(Task): In this exercise, print only the lines of the records below from the one with "Glitzy Cowgirl White" through the one with "The Purple Urn", inclusive. Pictures are not part of the copy.

(Input):

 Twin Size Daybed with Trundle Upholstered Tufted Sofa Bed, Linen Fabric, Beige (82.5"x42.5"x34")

...

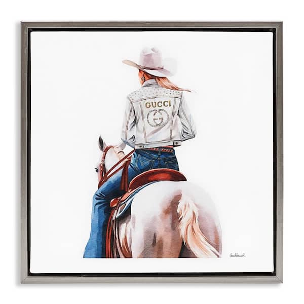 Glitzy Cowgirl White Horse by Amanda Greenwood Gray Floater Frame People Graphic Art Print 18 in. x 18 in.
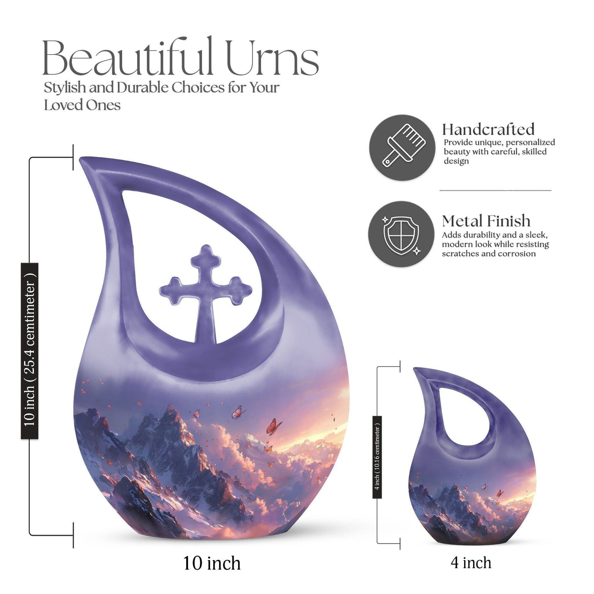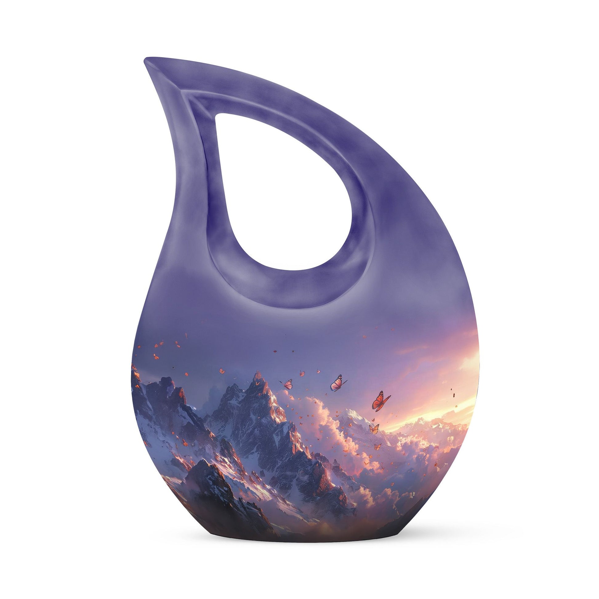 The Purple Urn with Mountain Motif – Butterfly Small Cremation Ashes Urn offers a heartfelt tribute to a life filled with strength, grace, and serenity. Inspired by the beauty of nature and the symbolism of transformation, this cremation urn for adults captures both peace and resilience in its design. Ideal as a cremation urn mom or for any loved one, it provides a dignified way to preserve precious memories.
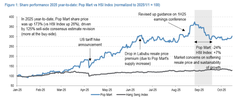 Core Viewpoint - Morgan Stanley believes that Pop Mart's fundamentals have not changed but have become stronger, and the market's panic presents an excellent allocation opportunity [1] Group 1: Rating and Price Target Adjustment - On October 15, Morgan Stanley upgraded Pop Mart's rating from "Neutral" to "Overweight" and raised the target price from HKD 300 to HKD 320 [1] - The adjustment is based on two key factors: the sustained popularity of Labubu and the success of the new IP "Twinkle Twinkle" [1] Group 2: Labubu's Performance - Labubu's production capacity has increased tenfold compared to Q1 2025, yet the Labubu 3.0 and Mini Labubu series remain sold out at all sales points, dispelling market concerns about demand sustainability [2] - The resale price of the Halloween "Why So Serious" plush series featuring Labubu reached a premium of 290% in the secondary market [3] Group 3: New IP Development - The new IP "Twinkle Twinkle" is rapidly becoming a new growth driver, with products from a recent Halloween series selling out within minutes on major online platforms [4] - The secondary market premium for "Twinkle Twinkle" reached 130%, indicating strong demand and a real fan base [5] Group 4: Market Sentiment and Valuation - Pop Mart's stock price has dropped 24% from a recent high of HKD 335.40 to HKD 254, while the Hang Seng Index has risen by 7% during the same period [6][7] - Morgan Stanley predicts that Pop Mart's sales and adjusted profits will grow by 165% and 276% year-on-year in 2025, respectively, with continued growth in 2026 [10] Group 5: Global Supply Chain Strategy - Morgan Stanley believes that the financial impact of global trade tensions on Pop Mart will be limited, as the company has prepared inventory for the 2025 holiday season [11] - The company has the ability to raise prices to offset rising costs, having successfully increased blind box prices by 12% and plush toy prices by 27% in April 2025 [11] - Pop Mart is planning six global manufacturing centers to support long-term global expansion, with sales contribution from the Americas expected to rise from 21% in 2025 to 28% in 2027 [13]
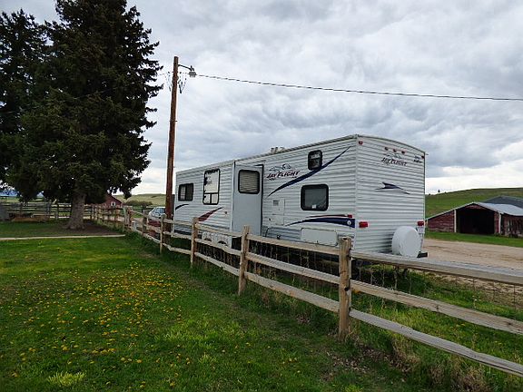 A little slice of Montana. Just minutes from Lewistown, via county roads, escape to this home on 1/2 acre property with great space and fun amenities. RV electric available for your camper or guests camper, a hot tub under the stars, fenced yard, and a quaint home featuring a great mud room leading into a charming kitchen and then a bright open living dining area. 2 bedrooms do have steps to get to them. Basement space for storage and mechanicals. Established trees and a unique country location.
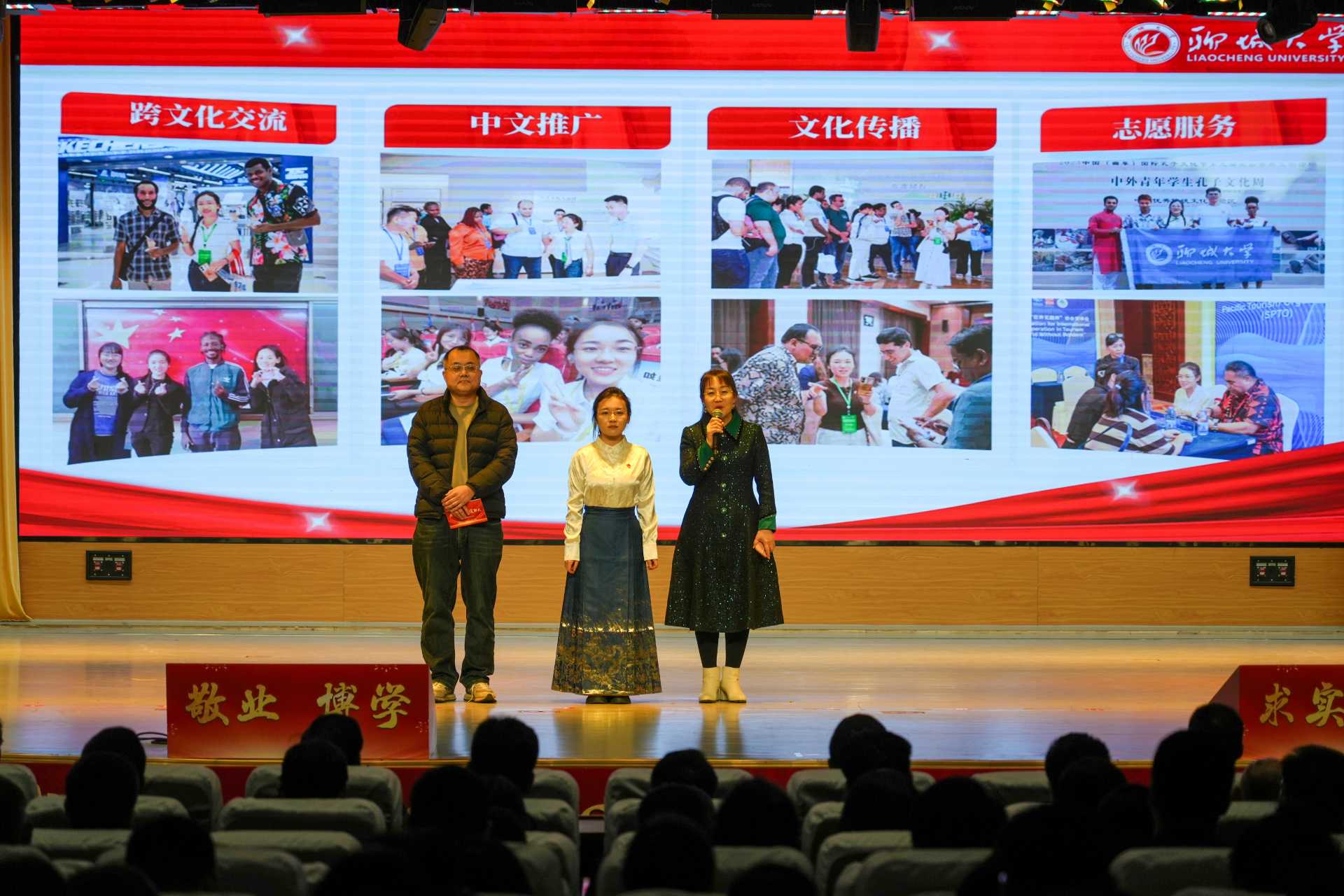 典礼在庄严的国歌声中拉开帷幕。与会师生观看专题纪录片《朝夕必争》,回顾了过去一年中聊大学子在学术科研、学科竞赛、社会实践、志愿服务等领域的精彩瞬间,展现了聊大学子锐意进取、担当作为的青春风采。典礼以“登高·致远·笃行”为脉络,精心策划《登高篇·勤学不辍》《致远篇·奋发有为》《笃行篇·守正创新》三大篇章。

(Exercise answer):
 Glitzy Cowgirl White Horse by Amanda Greenwood Gray Floater Frame People Graphic Art Print 18 in. x 18 in.
 The Purple Urn with Mountain Motif – Butterfly Small Cremation Ashes Urn offers a heartfelt tribute to a life filled with strength, grace, and serenity. Inspired by the beauty of nature and the symbolism of transformation, this cremation urn for adults captures both peace and resilience in its design. Ideal as a cremation urn mom or for any loved one, it provides a dignified way to preserve precious memories.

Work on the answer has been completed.